Last week I described innovation as requiring “Mr. Inside & Mr. Outside,” two views coming from the brain’s two hemispheres. Innovation requires knowing something inside out, with both hemispheres exchanging views. Iain McGilchrist, a psychiatrist as well as Oxford literary scholar and researcher in neuroimaging, says this exchange has tailed off in the Western world. There’s a widening gap between the left and right hemisphere.
McGilchrist is the author of The Master and His Emissary: The Divided Brain and the Making of the Western World. The title is drawn from a tale told by Friedrich Nietzsche of an arrogant emissary who overthrows his benevolent master. McGilchrist recasts Nietzsche’s story with the master as metaphor, which is more of a right hemisphere function. Language is the emissary, and more a function of the left hemisphere. The Enlightenment overthrew this arrangement, to the detriment of the kingdom.
The Enlightenment disdained the inexactness of metaphor, preferring what it believed – incorrectly – was the precision of language. The ancients didn’t see it this way. Enlightenment thinkers dismissed them as darkened by religion and unenlightened. They presumed to be smarter than those who came before them. Disdain bred arrogance, so the emissary overthrew the master, metaphor. McGilchrist says this has led “ultimately to a large bias overall” for words over images in the Western world.
This bias leads to blindness. There’s a dynamic in the brain where the two hemispheres complement each other but also compete in a winner-take-all contest. McGilchrist says the one “getting in first” controls how we think. If the right hemisphere gets in first, it includes the left. But if the left wins, it excludes the right. This is happening in the West. We have mostly inside knowledge. Thus, we talk about innovation, but, as the saying goes, talk is cheap. We’re kidding ourselves.

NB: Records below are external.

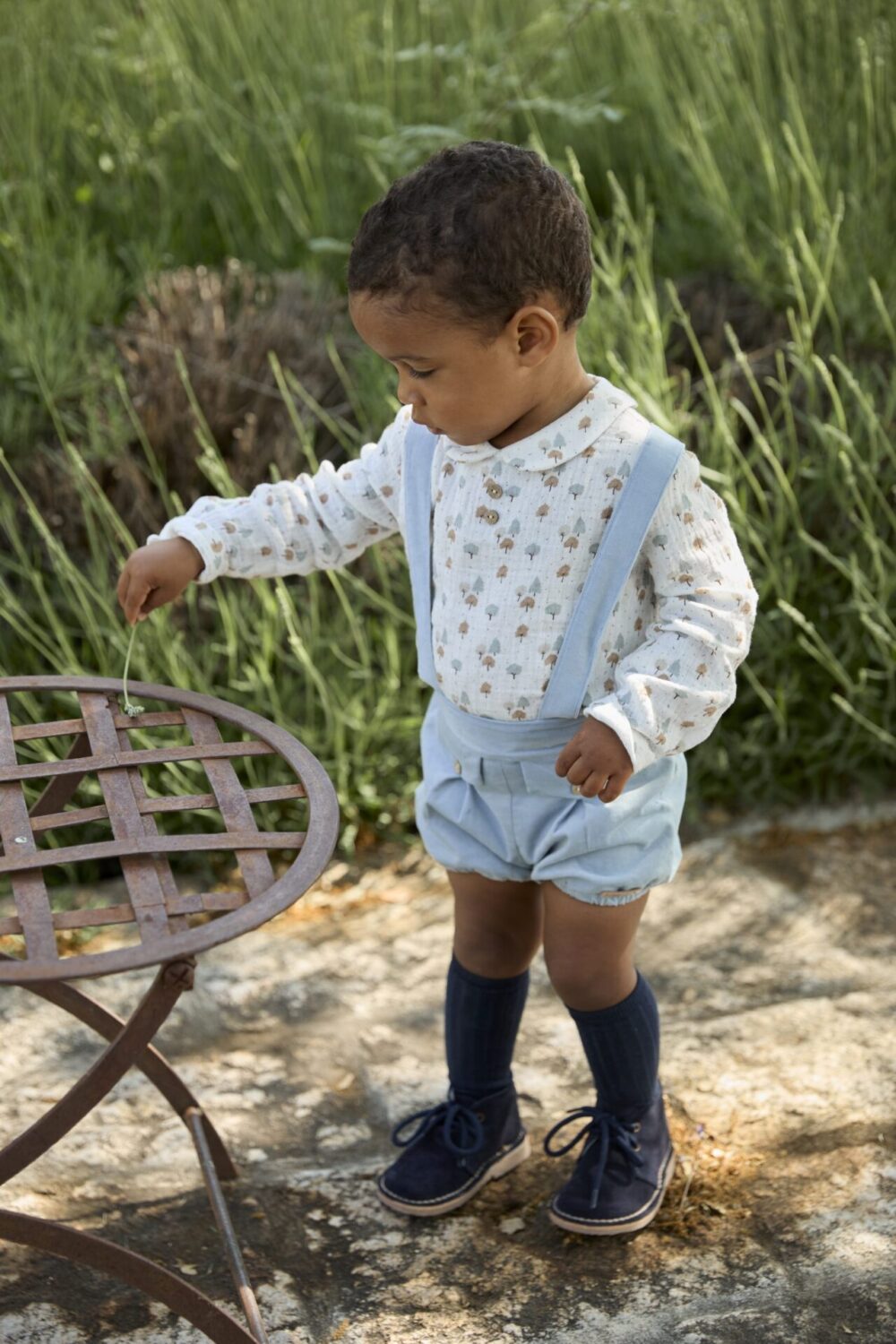Conjunto para bebé de Martin Aranda compuesto por Camisa de manga larga con estampado de pequeños árboles en tonos beige y azul, cuello redondo y cierre de botones frontales. Se combina con ranita corta azul con tirantes cruzados, bolsillos decorativos con botón y detalles fruncidos en los bajos para un look tierno y elegante.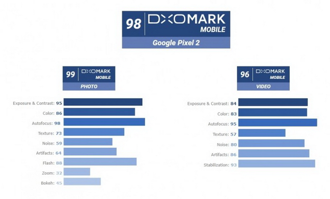 แน่นอนว่า กล้องถ่ายรูปถือว่าเป็นจุดขายที่โดดเด่นของ Google Pixel 2 และ Google Pixel 2 XL ซึ่งก็ได้รับคะแนนจาก DxOMark สูงถึง 98 คะแนนในส่วนของภาพนิ่ง และได้รับ 96 คะแนน จากการบันทึกวีดีโอ เท่ากับว่าได้รับการการันตีว่า "ยอดเยี่ยมในเรื่องกล้องสมบูรณ์แบบ"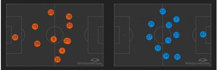 我们首先就先来关注小洛卡在萨索洛首秀的表现。whoscored给他打出了6.5分的全队均分。的确他在本场比赛并不是特别得活跃。我们知道洛卡特利与马尼亚内利是两种风格不同的拖后中场,马尼亚内利是标准的防守型中场,上一场比赛的分析中我们看到了他在球队进攻时基本不上前,防守时甚至退回禁区内帮助中卫协防,而洛卡特利是所谓的组织型后腰,本场比赛他有81次的触球,比马尼亚内利上一场多出了16次。他也在开场阶段送出了一次关键直塞与几次向左右两边的调度。但反观防守端的表现,上一场面对国际米兰的围攻,马尼亚内利贡献了3次铲断和3次拦截,还有5次解围,而本场小洛卡只有2次拦截,铲断和解围数都是0,考虑到对手的进攻压力不同,这些数据并不是特别有可比性。但不可否认的是,洛卡特利在本场防守端的表现并不是特别出彩,也许是因为卡利亚里这支队伍较弱,德泽尔比派洛卡特利登场就是为了加强进攻,但比赛的后半部分,随着体能的下降,他在进攻端也没什么特别的贡献了,所以我认为6.5的评分,不能说打低了。面对卡利亚里这样实力相当的球队,或许上洛卡特利以一个积极的姿态去比赛的想法并没有太大问题,但他还需要与球队更加的磨合。从跑动的热点图来看,小洛卡不能说不积极,中场的覆盖度是符合拖后中场的要求的,但是他与邓肯在中场的搭档,二人对于谁回撤接应谁前插助攻的分工较为模糊,这也许也是赛后二人双双未得到高分的原因吧。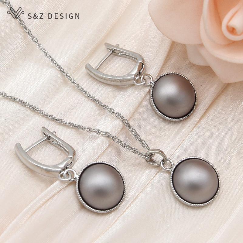 Модные круглые серьги с искусственным жемчугом, комплекты ювелирных изделий для женщин, ожерелье с подвеской цвета розового золота
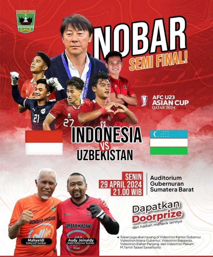 Langgam.id – Pemerintah Provinsi Sumatra Barat (Pemprov Sumbar) akan menggelar iven nonton bareng (nobar) laga semifinal AFC U23 Asian Cup 2024 antara Indonesia U23 vs Uzbekistan U23, Senin (29/04/2024) pukul 21.00 WIB.

When the left wins, it pushes away from the right. We see this in neuroimaging. The corpus callosum is the wide bundle of neural fibers connecting the left and right hemispheres. It facilitates an exchange between the two hemispheres. But findings from neuroimaging indicate that the corpus callosum is shrinking, leaving a widening gap between the left and right hemisphere. The left, left to itself, is in La-La Land.

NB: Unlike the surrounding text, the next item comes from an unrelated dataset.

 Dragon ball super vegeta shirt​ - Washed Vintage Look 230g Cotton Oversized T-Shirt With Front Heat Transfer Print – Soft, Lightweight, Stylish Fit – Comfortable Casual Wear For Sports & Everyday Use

The self-deception is due to the left hemisphere, which uses “that part of language to grasp things, or, as we say to ‘pin’ things down,” notes McGilchrist. Our left hemisphere tries to pin down in language what it assumes to be important. And therein lies the rub. To know what is important or innovative, we have to first rely on the right hemisphere.
Innovation, a Latin word drawn from the Greek renewal, requires what McGilchrist calls “the newness of the right hemisphere.” It plays “devils advocate, always on the lookout for things that might be different from our expectations. It sees things in context. It understands implicit meaning, metaphor, and body language.” On the other hand, “the world of the left hemisphere is dependent on denotative language and abstraction. It yields clarity and the power to manipulate things that are known, fixed, isolated, static, decontextualized, explicit, and general in nature but ultimately lifeless.” The left plays an important role, but only after learning what is important. It’s the emissary.
That’s why the right hemisphere is the master. “The right hemisphere by contrast yields a world of individual, changing, evolving, interconnected, implicit, incarnate living beings within the context of the lived world – but in the nature of things never fully graspable, never perfectly known.” The right hemisphere operates in an open system – the left in a closed system. The right includes the left, thinking in images that are sent to the left hemisphere, where they are “re-presented” in “virtual” categories expressed in language. These constructs are returned to the right for review. It’s supposed to be a never-ending reciprocating cycle. But due to the left winning the race, the Western world is now trapped in “hall of mirrors,” a “virtual reality,” according to McGilchrist. If you want to listen to McGilchrist detail this a bit more, check out this RSA Animate:
“Innovation arises from ongoing circles of exchange,” writes Margaret J. Wheatley, “where information is not just accumulated or stored, but created. Knowledge is generated anew from connections that weren’t there before.” She’s describing knowing something inside out. Today, with recent findings in neuroscience, we recognize that completing the circles of exchange requires including the outside view. It’s the only way individuals as well as institutions can claim to really know something.